We shipped the narrower version first because the underlying data science capability couldn't yet support multi-patient scheduling.
Real workflow:
High volume (150+ pending orders)
Repetitive scheduling decisions
Need batch help
Shipped scope:
1 patient at a time
Ask → wait → review → repeat
Useful but too narrow
KEY TAKEAWAY
It was a reasonable first step, but not the end state I believed users needed. AI can make a workflow look futuristic while still not solving enough of the job.
phase 3: increase autonomy without giving up control
Auto-Assign was the biggest increase in AI agency — and the phase where human control mattered most.

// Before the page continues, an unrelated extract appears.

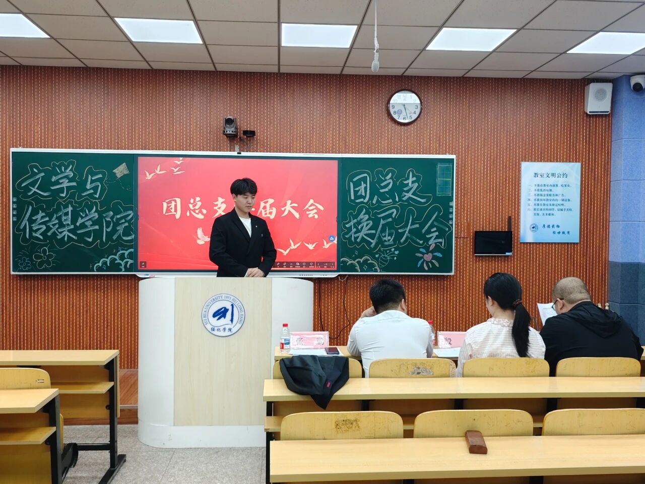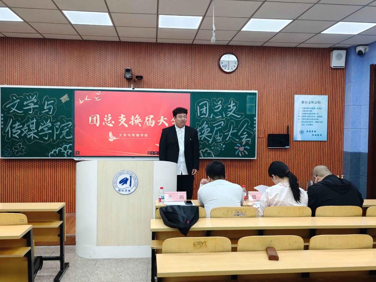 9月24日下午,ac米兰官网中文网站于汇文楼303和305教室召开第十六届团总支学生会换届大会。学院党总支副书记张鹏、2022级辅导员鞠亚林、2023级辅导员于小庆、2024级辅导员殷跃及全体学生干部出席。

Ask iQueue interprets the request, turns it into structured parameters, and triggers the existing assignment engine. Users then review the draft result before publishing.
This was a meaningful shift: for the first time, Ask iQueue was no longer only retrieving information or surfacing options. It was helping perform work. That made the safety model much more important.

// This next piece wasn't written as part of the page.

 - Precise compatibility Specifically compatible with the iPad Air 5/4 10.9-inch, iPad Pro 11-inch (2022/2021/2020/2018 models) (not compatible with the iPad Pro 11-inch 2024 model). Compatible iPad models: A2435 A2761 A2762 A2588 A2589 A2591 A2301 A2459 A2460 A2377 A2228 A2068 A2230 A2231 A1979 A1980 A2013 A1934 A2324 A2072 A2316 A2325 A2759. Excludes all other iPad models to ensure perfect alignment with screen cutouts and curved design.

“Assign patients with 60min duration or less today in LT Cancer Center.”
Example user question
Ask iQueue generates the draft assignment changes.
System
User reviews, edits if needed, and publishes manually.
Result
What made this safe:
Explicit instruction only.
Visible draft before publish.
Deterministic, reversible execution.
KEY TAKEAWAY
More autonomy required more visible safeguards, not more magic. The AI translated intent into action, but it never outran human authority.
The roadmap was a progression of earned autonomy
Ask iQueue wasn't designed to jump from answering questions to acting independently. I treated autonomy as something the product had to earn. That meant moving through three stages:
Help users access truth.
Help users evaluate options.
Help users execute intent inside clear safeguards.

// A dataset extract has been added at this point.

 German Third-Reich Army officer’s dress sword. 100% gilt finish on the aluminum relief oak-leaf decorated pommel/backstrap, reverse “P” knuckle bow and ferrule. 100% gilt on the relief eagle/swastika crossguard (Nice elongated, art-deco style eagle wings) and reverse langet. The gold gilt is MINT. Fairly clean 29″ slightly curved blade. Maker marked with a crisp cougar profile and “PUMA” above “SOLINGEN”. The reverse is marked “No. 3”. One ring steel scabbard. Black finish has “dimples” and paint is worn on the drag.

That progression is the central product idea behind Ask iQueue.
ACT
Auto-Assign
AI performs bounded actions in draft mode
User reviews before publish
READ
AI Metrics Navigation
AI retrieves the right information
User verifies
RECOMMEND
Smart Booking
AI surfaces options
User decides
Value + Risk + Autonomy
KEY TAKEAWAY
I expanded capability only when the previous level of trust had already been earned.
This wasn’t a chat UI problem. It was a behavior design problem
Ask iQueue changed the unit of design. I wasn’t just designing screens or prompts. I was designing:
What the AI was allowed to do.
When it should ask for clarification.
How much trust it had earned.
That was the real product: not the chat interface, but the contract between human judgment and machine behavior.
KEY TAKEAWAY
I wasn’t designing a chatbot. I was designing the boundaries of trust.
What this taught me about designing AI products
Ask iQueue left me with a simple belief: the best AI products don't start with autonomy. They earn it.
Start with what users can verify.
Make the limits obvious.
Let the model interpret, but not pretend to know.
Never ask people to trust the system more than it deserves.
KEY TAKEAWAY
The best AI products are not the ones that feel smartest. They’re the ones that make trust feel rational.